Sea Change: On Watching a Fragment From Puchuncaví by Jeannette Muñoz
Stefano Miraglia • 25.06.2025

Puchuncaví
Since I don't explain anything in the film, I love that you see it as a postcard, because I very much agree that there is a beauty to it.*
Tilted horizon to the right: two long zoom-ins on an industrial site at the foot of a mountain, followed by quick close-up shots, like descriptive flashes of the area. Then, a pulsating use of the zoom: while observing the factory, the heart of the camera no longer finds its usual rhythm. And in this slow, continuous pulsing, the gaze moves from the factory to the vegetation around the industrial area, adjacent to the body of the filmmaker. Cactus spines close this first part (a rhythmic score), and a colored sequence opens to my eyes, showing a seascape of acid tones. Flashing yellows and greens that for a moment take me away from Puchuncaví and remind me of the seascape in Godard's Le livre d'image. The sun is slowly setting, and the horizon is filmed at various angles. In the background: two cargo ships, and, to their left, only partially revealed, the factory, smoking.
The superimpositions begin to appear in this sequence. At first, and for a long moment, they are discreet, fleeting. The sea looks like a green skin that is constantly stretching, and the black silhouettes of the rocks look like lacerations. An image imposes itself on the sea: from left to right a face appears and disappears. An instant of joy?
Fragments of faces reappear superimposed with increasing frequency: a cheek, a closed eye. And the fast flowing sea: the filmmaker's gaze flies over the waves, from left to right. I seem to be able to see a multitude of bodies, but I'm not sure. Who are these people inhabiting this acid sea? Have they passed through here before? Have their bodies left their own imprint on the landscape?
The camera's axis tilts again, dramatically; now it is the sea that becomes a patch of color surrounded by black - a stain of waves that flows down and disappears, leaving the overlaid images to appear more vivid. Then, the sea and the horizon are scanned with varying, sometimes obsessive movements. As the sun goes down, darkness overtakes for an instant, revealing other superimposed images: silhouettes in movement on a luminescent, yellow, almost golden background: dancing figures, running figures, perhaps a fight. Are these images of a strike?

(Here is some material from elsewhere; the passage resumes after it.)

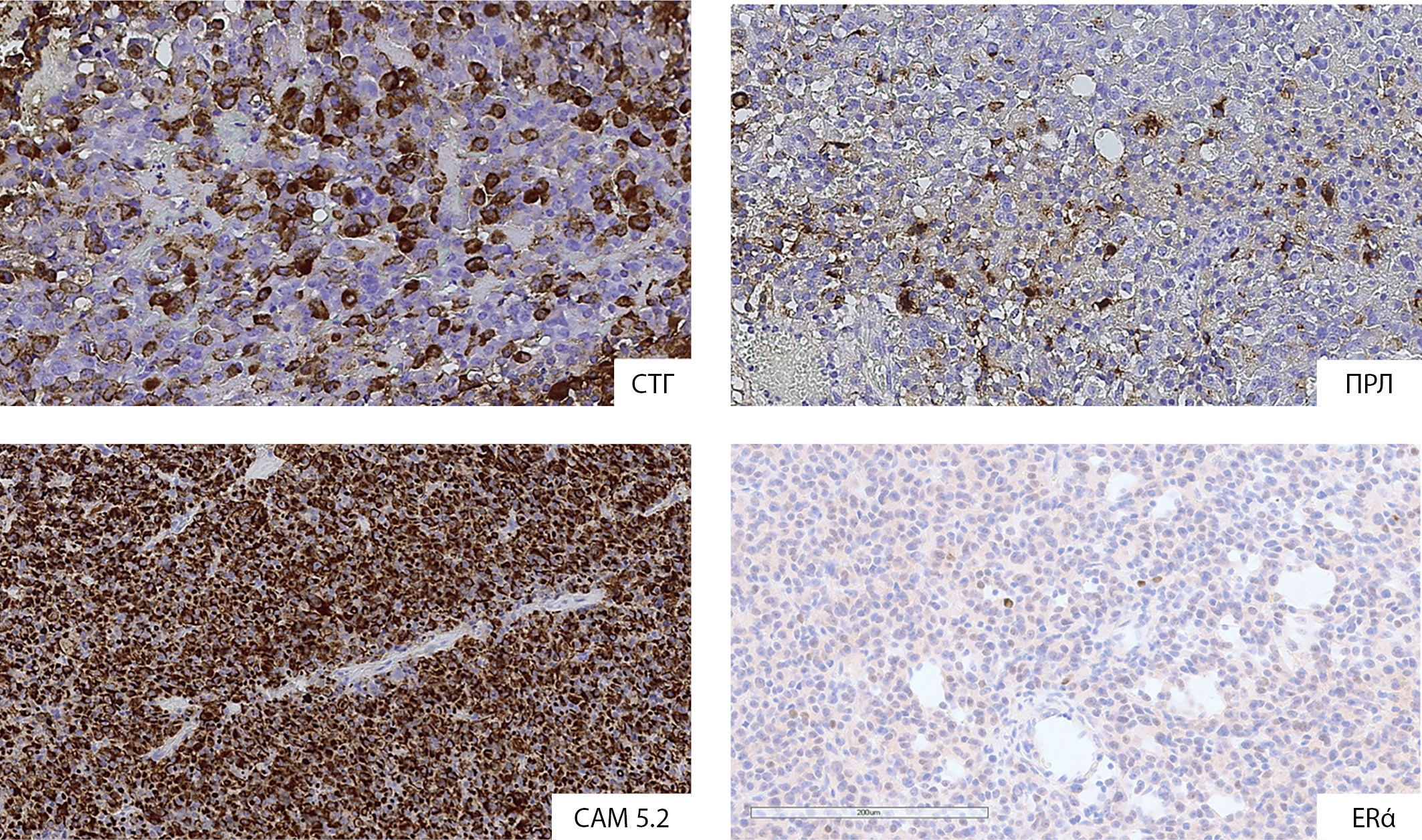 Результаты иммуногистохимического исследования соответствовали наличию маммосоматотропиномы (положительная иммуноэкспрессия к СТГ, ПРЛ и PIT-1, большинства клеток — к низкомолекулярному цитокератину, 1–2% клеток — к эстрогеновым рецепторам альфа (рис. 4)).

In the black-and-white sequence that closes the film, Muñoz again films the factory and what appears to be the area above it: the mountain, its twin peaks, and its soil. But this time the camera movement she chooses for capturing these images is as if she was simulating the motion of her body filming on a boat: even on land she films from the sea.
In the last shot the camera slowly settles back on the industrial landscape. I close my eyes and remember the first time I watched Jeannette Muñoz's films. The screening of various fragments from Puchuncaví moved me deeply: I had rarely seen images that showed how much one can observe the world, be it in its worst or best parts, with eyes full of love.
* Entrevista con Jeannette Muñoz. Las piedras pueden ser pan y la arena azúcar by Vanessa Agudo Molina, Francisco Algarín Navarro, Blanca García, in Jeannette Muñoz. El paisaje como un mar, edited by Francisco Algarín Navarro, Lumière, 2017, p. 72, translation mine.